For both $${p}_{10}$$ and $${p}_{11}$$ mean bias is negligible when S ≥ 500, at all values for K and M. However, when S is low, we do see a reduction in bias with both increasing M and K (Fig. 4A,C). When S is low, the reduction in bias with increasing qPCR replicates is very strong between K = 2 and K = 4 with some improvement up to K = 6. However, above this level, increases in K have very little impact on Stage 2 bias. Increasing M from one to two—and to a lesser extent between two to four—does reduce $${p}_{10}$$ bias, however its influence on $${p}_{11}$$ was limited. As with mean bias, $${p}_{10}$$ demonstrates an improvement in mean PCI width with an increase in all three M, S and K (Fig. 4B). The reduction in mean PCI width for $${p}_{10}$$ with increased K is most pronounced between K = 2 and K = 6 and is observed at all levels of M and S, however when M = 1 an improvement is also seen up to the maximum level for K simulated (Fig. 4B). Posterior mean estimates with credible intervals for ψ, $${\theta }_{10}$$, $${\theta }_{11}$$, $${p}_{10}$$ and $${p}_{11}$$ can be found in Supplementary Figures S4, S5, S6, S7, and S8.

### Evaluating model performance using great crested newt eDNA data

In the real great crested newt data set, 72% of the samples returned no positive qPCR replicates (Supplementary Fig. S1). Those that returned at least one positive qPCR replicate most commonly either returned all 12 replicates as positive (23%), or only one replicate as positive (17%), indicating a bimodal distribution in the frequency of qPCR replicates amplifying (Supplementary Fig. S2). Naïve occupancy can be set at different thresholds. If a single positive qPCR is used to define occupancy, then the naïve rate is 0.28. However, this reduces if two (0.23) or three (0.20) positive qPCR replicates are used as the threshold for defining occupancy. The presence of the species was confirmed by direct observation in only 53 of the 2958 sites, with 41% of these returning all 12 qPCR replicates as positive (Supplementary Fig. S3). However, 13% of surveys that revealed the presence of the species by direct observation yielded zero qPCR amplification (Figure S3), demonstrating confirmed false negative results.

The posterior mean of the probability of pond occupancy at the baseline level was found to be 0.26 (PCI: 0.14–0.41) when assessed using the Griffin et al.16 model (Table 1), very close to the naïve estimate of 0.28 for occupancy assigned using a single positive qPCR replicate. However, the mean PCIs were wide and encompassed naïve estimates at various naïve occupancy selection thresholds. In contrast, the Stratton et al.18 model was found to have a higher posterior mean estimate for occupancy of 0.47 (PCI: 0.35–0.65; Fig. 5). Although there is some overlap of the credible intervals, the posterior means of the two models do not fall within the intervals for each other, demonstrating the risk of overestimating the probability of occupancy when false positive observation error is ignored. The probability of a true positive observation is estimated as lower for the Stratton et al.18 model at both Stage 1 and Stage 2 compared to the Griffin et al.16 model although credible intervals for true positive results at Stage 1 overlap (Table 1).
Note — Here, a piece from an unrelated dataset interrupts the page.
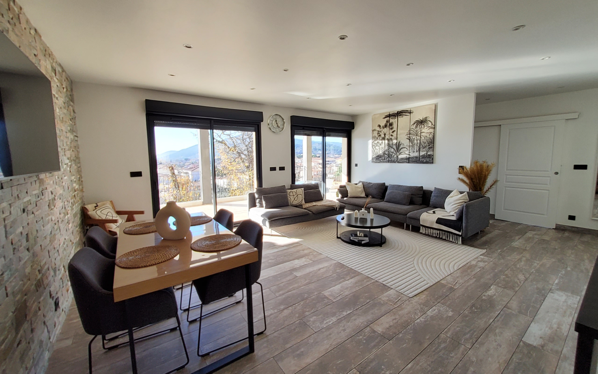 Hall d'entrée, vaste séjour avec cuisine ouverte d'environ 50m2 ouvrant sur terrasse panoramique, terrasse avec jacuzzi, 1 suite parentale avec ...
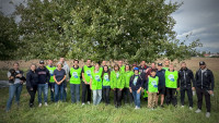 Vier Adler-Spieler und unser Partner VR Bank Rhein-Neckar eG mit rund 20 Mitarbeitern, dazu die Familien und Freunde. So setzte sich das Apfelernte-Team zusammen, das am gestrigen Mittwochnachmittag in Ludwigshafen Oppau fleißig die süßen Früchte vom Baum geholt hat. Hintergrund: Kindern mit der Natur in Verbindung bringen, ihnen zeigen und erklären, wir Dinge in Zusammenhang stehen, wo sie herkommen und wie sie entstehen.

Due to the inclusion of covariates, we can compare the site (pond) specific occupancy estimates for the two models. The Stratton et al.18 model was found to produce a higher site-specific occupancy estimate for 97.4% of sites (Fig. 6). Similarly, we examined the mean PCI width for site-specific occupancy estimates between the two apps, with the Stratton et al.18 model found to have a larger width at 95.1% of sites, with PCI only overlapping for 40.5% of sites. Without exception, for sites where there is no PCI overlap, the Stratton et al.18 model overestimated occupancy compared to the Griffin et al.16 model.
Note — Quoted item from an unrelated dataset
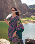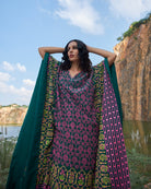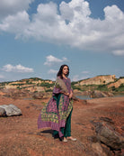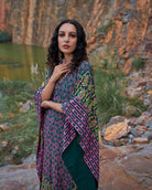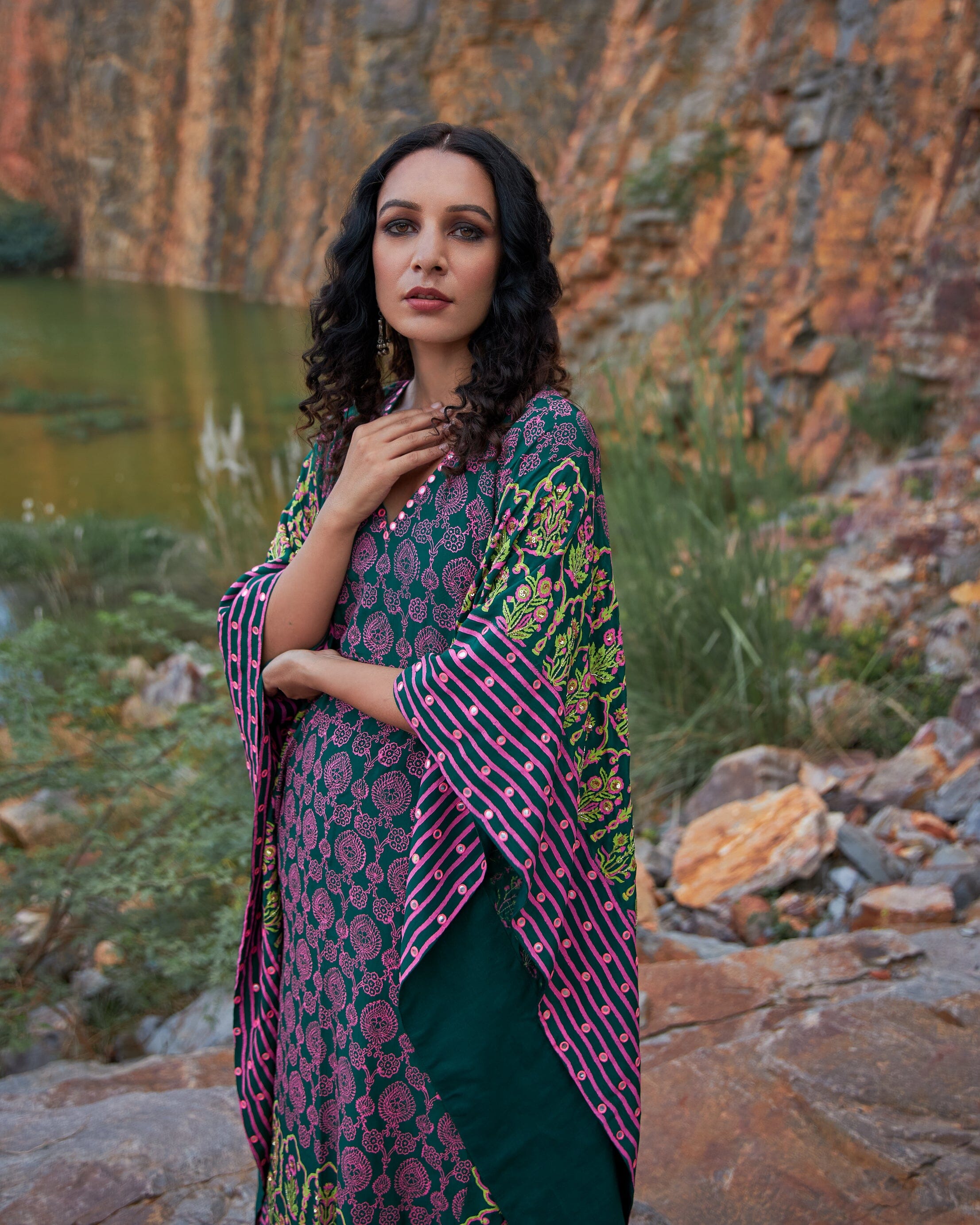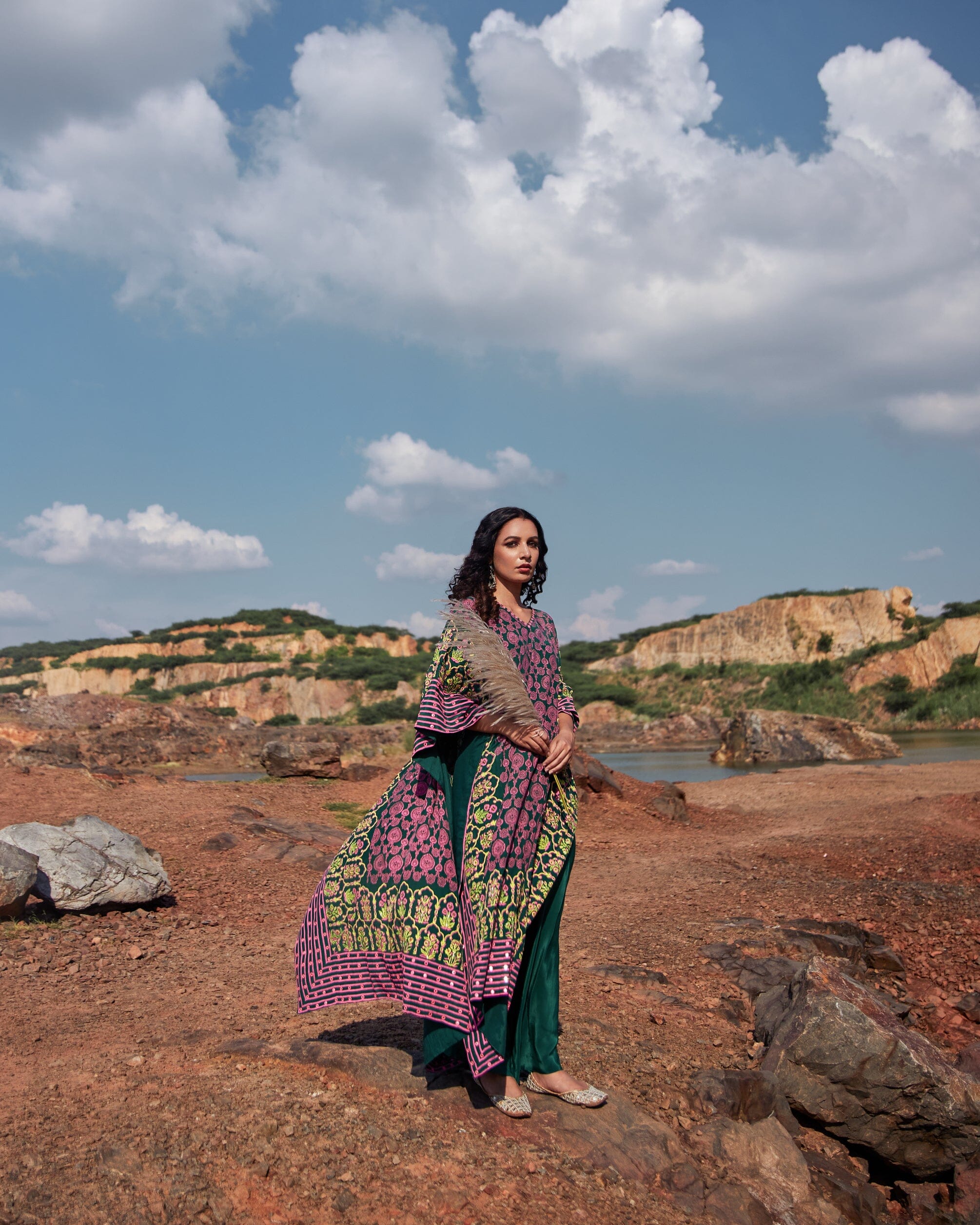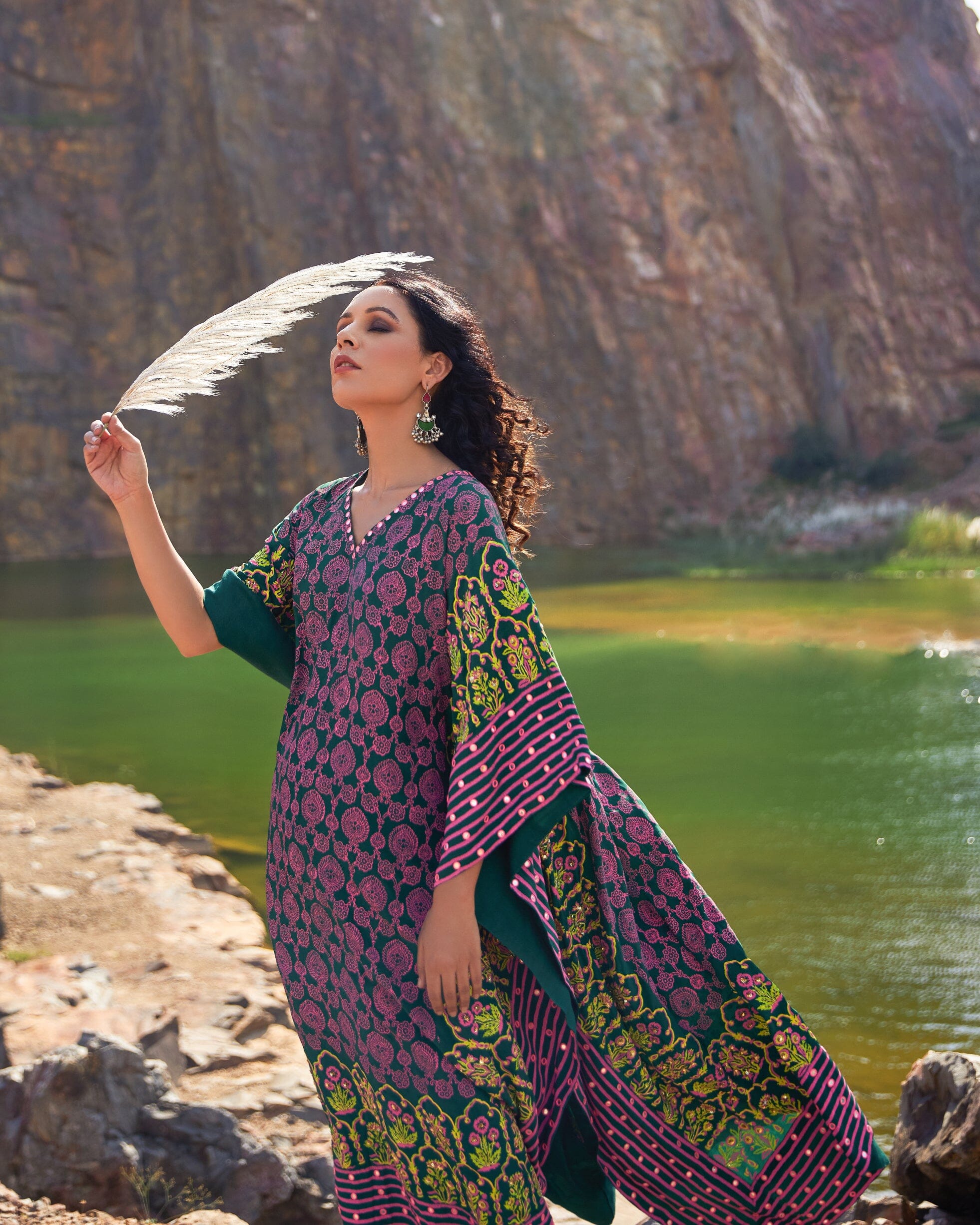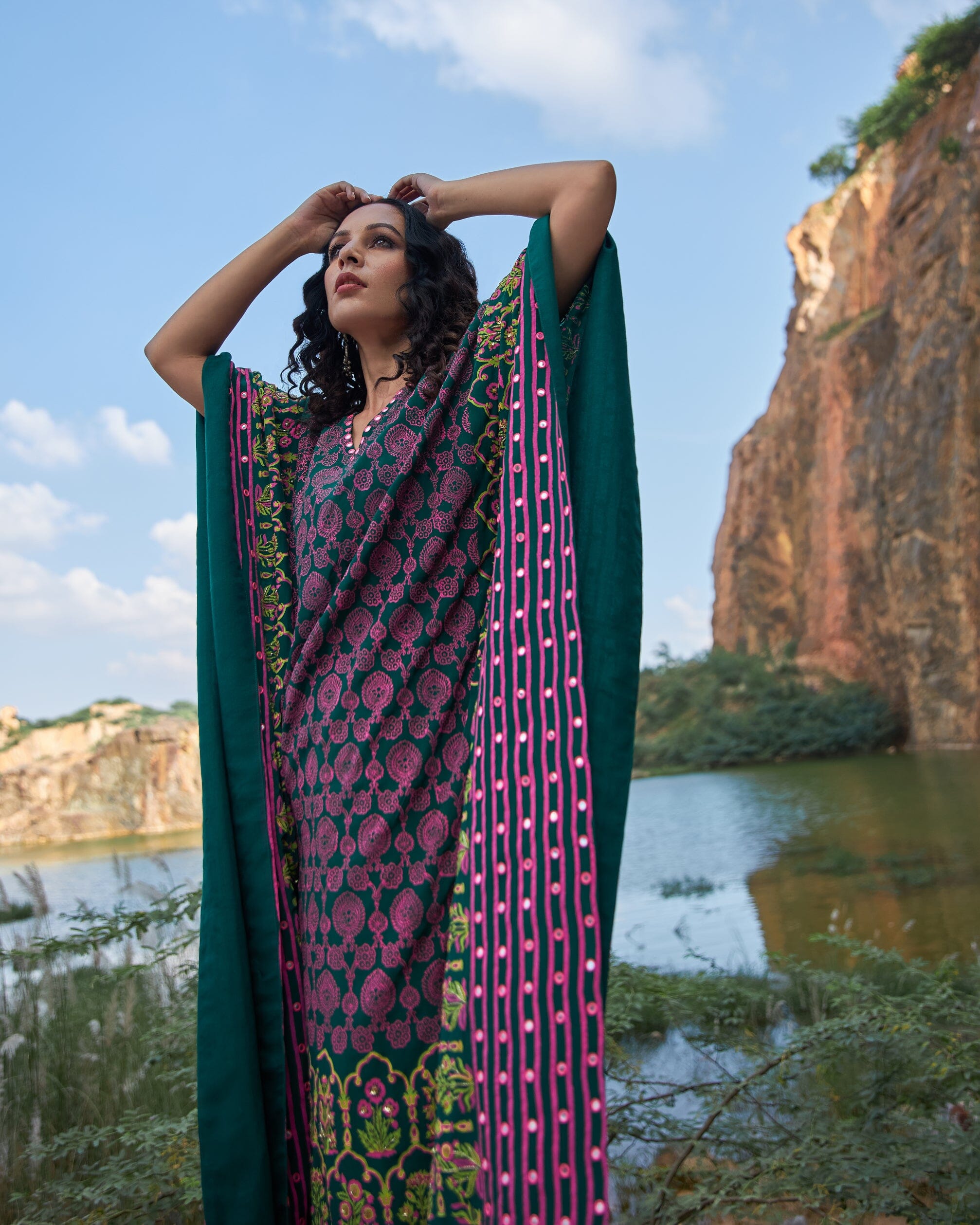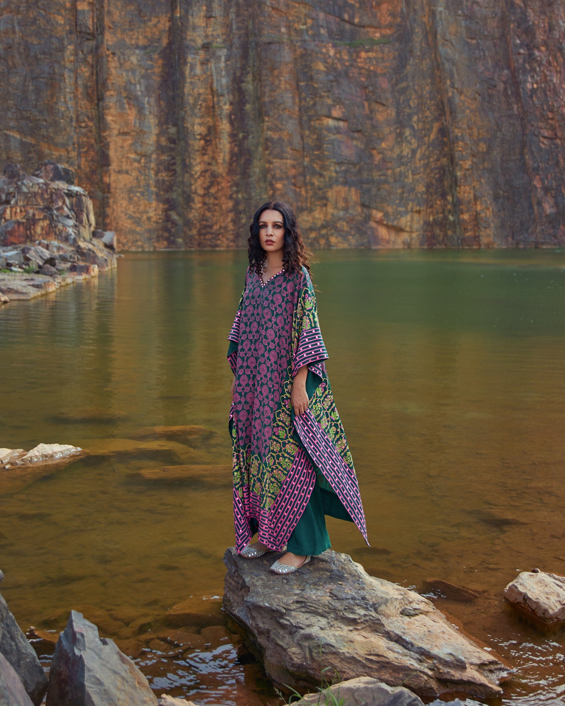 This kaftan set is made in 60 grams pure crepe with a custom print base embellished with geometric sequin and mirror hand embroidery all over front and back. Its teamed with crepe wide pants.

The Griffin et al.16 model allows for the conditional probability of species absence to be calculated for x number of positive qPCR replicates for a baseline site, i.e. when all continuous covariates are equal to 0 and all categorical covariates are equal to their baseline level. With low numbers of replicates amplifying, the conditional probability of species absence is close to one and remains largely unchanged when fewer than three qPCR replicates amplify. The conditional probability of occupancy then changes rapidly between three and five replicates, before levelling off. There is little increase in occupancy estimates above six positive qPCR replicates, (Fig. 7).

## Discussion

Optimising survey design, and identifying the number of sites, samples, and laboratory replication, needs to be taken into consideration at the planning stage for any eDNA study. A compromise between replication, unnecessary effort and cost needs to be met. Using the Griffin et al.16 model, with the simulation input parameters for true occupancy (0.1), $${\theta }_{10}$$ (0.01), $${\theta }_{11}$$ (0.85), $${p}_{10}$$ (0.01) and $${p}_{11}$$ (0.9); we find that very little replication either at Stage 1 or Stage 2 can lead to biases and wide credible intervals in the occupancy and error estimates. This error is exacerbated when the number of sites is low (20 or 100 sites in our analysis). However, replication at Stage 1 seems to reduce bias across the three parameters, to a greater extent than replication at Stage 2; had K = 1 been included it is likely we would have also seen a large reduction in error between K = 1 and K = 2. With two samples collected from each site and analysed using between four and six qPCR replicates, less bias and narrower credible intervals are obtained than where only a single sample is collected but analysed with a high number of laboratory replicates. This is irrespective of number of sites visited. Increasing the number of qPCR replicates (K) does improve $${p}_{10}$$ and $${p}_{11}$$ bias and mean PCI width: this is expected as they operate at Stage 2, although the overall occupancy estimate was unaffected. Most of the improvement in $${p}_{10}$$ and $${p}_{11}$$ bias and mean PCI width is seen when Stage 2 replication is increased from two to six replicates, with minimal improvement above this level. Again, this is most prominent in studies with low numbers of sites.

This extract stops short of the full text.